# Others have issues with ad insertions



## CasperImproved (Jun 20, 2009)

Mods - I know there have been a few minor grumbles about ads in the postings. 

The response has been (and no I haven't been paying a great deal of attention) that it's there when you haven't logged in.

Could you mod types explain post #2 in the jpg I am linking to (you will note I am logged in).

Thanks,

Not trying to make waves, just trying to understand why the ads are there.

Bob


----------



## Andy M. (Jun 20, 2009)

I just came back after dinner and see the ad to join DC after the first post on two different threads.

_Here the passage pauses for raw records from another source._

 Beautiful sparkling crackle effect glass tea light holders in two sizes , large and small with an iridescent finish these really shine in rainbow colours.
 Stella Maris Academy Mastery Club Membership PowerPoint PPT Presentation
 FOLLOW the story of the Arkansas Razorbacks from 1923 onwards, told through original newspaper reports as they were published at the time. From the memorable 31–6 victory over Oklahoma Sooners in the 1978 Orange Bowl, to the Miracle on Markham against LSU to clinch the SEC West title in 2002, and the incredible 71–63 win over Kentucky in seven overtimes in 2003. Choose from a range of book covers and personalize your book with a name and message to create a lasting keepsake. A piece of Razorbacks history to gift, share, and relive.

We'll figure out what's going on.


----------



## CasperImproved (Jun 20, 2009)

Thanks Andy... I just didn't expect such a quick response.. have I been paying you something I don't know about?

BTW, I'm pumping Constance's Omelets... Sounds _Delicious_

Bob


----------



## Andy M. (Jun 20, 2009)

CasperImproved said:


> ... have I been paying you something I don't know about?...

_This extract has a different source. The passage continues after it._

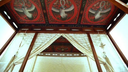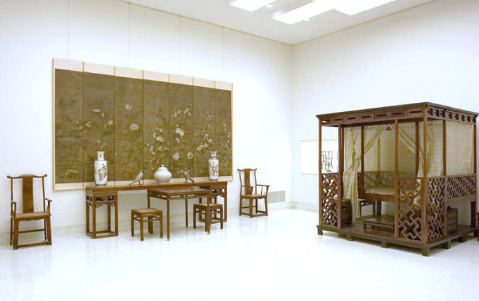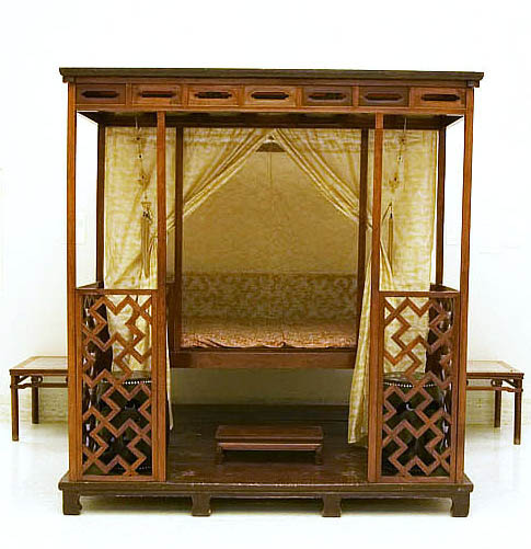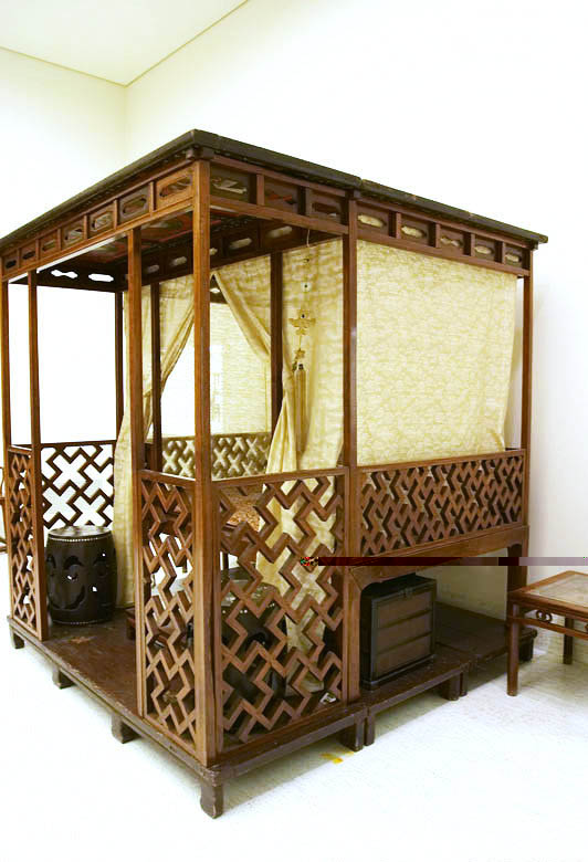 拔步床簡直就是個(gè)小房子,是建在木質(zhì)地坪上的房中房。床的四周掛上帷幔,是極為私密的空間。有些甚至幾重帷幔,連床前的門廊也遮掩起來,冬天是和暖的溫床,夏天驅(qū)避蚊蟲襲擾,在南方使用較多。

No you haven't, but feel free to start now.


----------



## CasperImproved (Jun 20, 2009)

Andy M. said:


> No you haven't, but feel free to start now.




Okay, next time I have something especially scrumptious, I'll take a picture of it with my cruddy old VGA picture cell phone and post it, and think nice thoughts about your efforts here. 

If it's not to fuzzy, you might even be able to tell what it is.

Don't worry too hard about the ad stuff. We know you guys will fix it. 

Your witty responses to our posts are more important.

Thanks,

Bob


----------



## Andy M. (Jun 20, 2009)

Thank you very much.  I'm here all week.  Try the veal, don't forget to tip your waitress.


----------



## Katie H (Jun 20, 2009)

Andy M. said:


> Thank you very much.  I'm here all week.  Try the veal, don't forget to tip your waitress.




Andy, you made me laugh out loud.


----------



## Andy M. (Jun 20, 2009)

Katie E said:


> Andy, you made me laugh out loud.




Happy to do so.


----------